The California Board of Education passed the expansive new History-Social Science Framework in July calling for knowledge of the history, principles and foundations of American democracy including the Constitution. Most of the attention was focused on a controversial battle over which minority groups should be acknowledged, as well as standards related to LGBT history.

But a lesser-known piece encourages teachers to use participation in school and community projects, and the political process, to teach about politics and society.

To live it, if you will. That is really what we want,” said Sacramento County schools chief David Gordon, who is the co-chairman of the California Task Force on K-12 Civic Learning. “We don’t want them to memorize a bunch of facts, we want them to know what it means. It’s about far more than voting. It’s about learning to give back and making a contribution.”

At Rio Americano High School, seniors Asha Armstrong and Nolan Lease registered voters and held mock elections at the school prior to the November election. Lease also interned at the Sacramento County Voter Registration and Elections Office, while Armstrong interned for the California secretary of state’s office and worked on the re-election campaign for Rep. Ami Bera, D-Elk Grove.

“Influencing other people is really important,” Armstrong said. “Every year, more and more kids are interested in politics, so we should try to get all interested in registering to vote.”

The two shared their work with juniors in Linda Reed’s “Philosophy of Political Thought” class in October. “We want everyone to know that voting is important,” Lease said.

Rio Americano High won the state’s Civic Learning Award of Excellence in 2014. The award, sponsored by state Superintendent of Public Instruction Tom Torlakson and Cantil-Sakauye, asks schools to describe a project in which there has been collaboration, critical thinking and a plan to implement a goal, Cantil-Sakauye said. The students then work with their communities to see the goal realized.

Natomas Pacific Pathways Preparatory School won the top honor this year for its community service, senior projects and law-themed curriculum, said Principal Melissa Mori.

At the Natomas school, often called NP3, all high school students organize a community service project. Those range from voter registration drives and book drives to programs on bike safety and research on the re-gentrification of neighborhoods in San Francisco.
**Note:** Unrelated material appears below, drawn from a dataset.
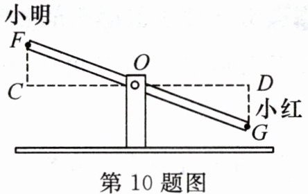 10. 新考向 情境素材 如图,小明与小红玩跷跷板游戏,支点 O 是跷跷板的中点,两人分别坐在跷跷板的两端(即 OF=OG).如果点 O 距地面的距离是 60 cm,那么当小明从水平位置 CD 上升 15 cm 时,小红距地面的高度是

Students in NP3 elementary and middle schools take part in the Leader in Me program, which has students at a young age run assemblies, serve as campus greeters and pick up garbage on campus, Mori said.
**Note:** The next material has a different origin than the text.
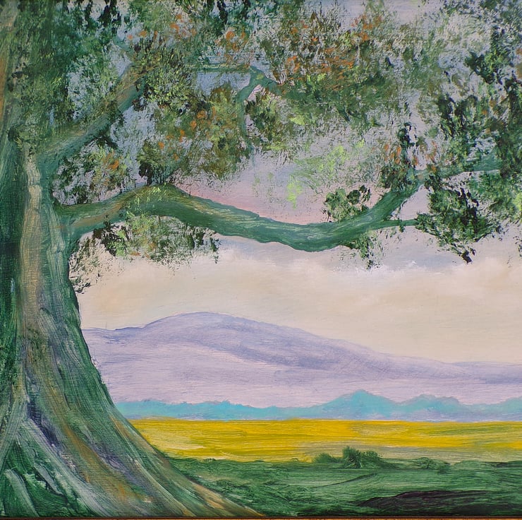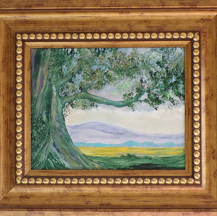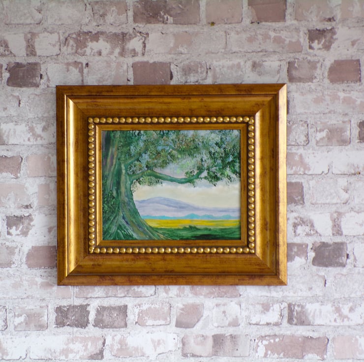 original signed semi impressionistic woodland/tree landscape oil painting in gold ornate frame, size 14"x 16" including frame, Titled The Oak King this is a lovely peaceful landscape with bright foliage a lone large oak tree looking over the fields and fluffy pink clouds, this would hang well with any type of home setting , this painting comes with a certificate of authenticity and is a one-off artwork,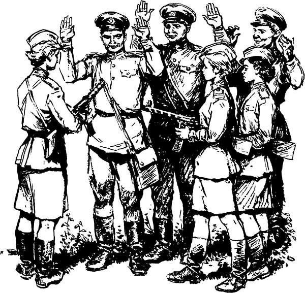 Командир поднял голову и, ни слова не говоря, пристально всматривался в «пленных».

NP3 teacher Rob Hagarty is hoping that by emphasizing civic engagement, schools will reverse voter apathy among young people.
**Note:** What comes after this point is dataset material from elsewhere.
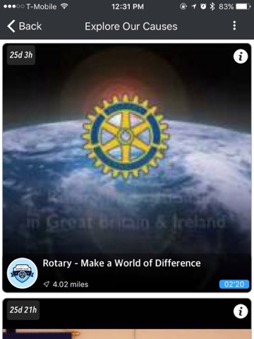 Users can post/view live broadcasts of Rotary events,

“Getting them back into that mindset again, I think that is really what the framework is about,” said Hagarty, a member of the state task force.

Sacramento County schools are known for their commitment to civic education, Cantil-Sakauye said.

Six Sacramento County school districts have passed resolutions to develop civic literacy in all students. The Sacramento County Office of Education has established the Action Civics Initiative, a cross-curricular team of educators focused on increasing civic engagement in schools across the county.

Cantil-Sakauye said she made elevating civics education a priority after she was sworn in as chief justice in 2011.

“I have two daughters,” she said in an October interview. “These issues are what they will grow up with. They will grow up with knowing the issue of Black Lives Matter. They will grow up with the concept of police force. They will grow up with the loss of courtesy, respect and integrity in the political election scheme. This is stuff they will grow up with.

“So, if we teach people like my children how to channel it and how to be critical thinkers and how they can also work with people of different opinions toward solutions ... that will be better for all of us down the road.”

Courts and the chief justice have been very influential in moving the civics-based framework forward, Gordon said. “The courts are seeing the impact on their work because they need people who are knowledgeable to be jurors. They have a huge stake on this.”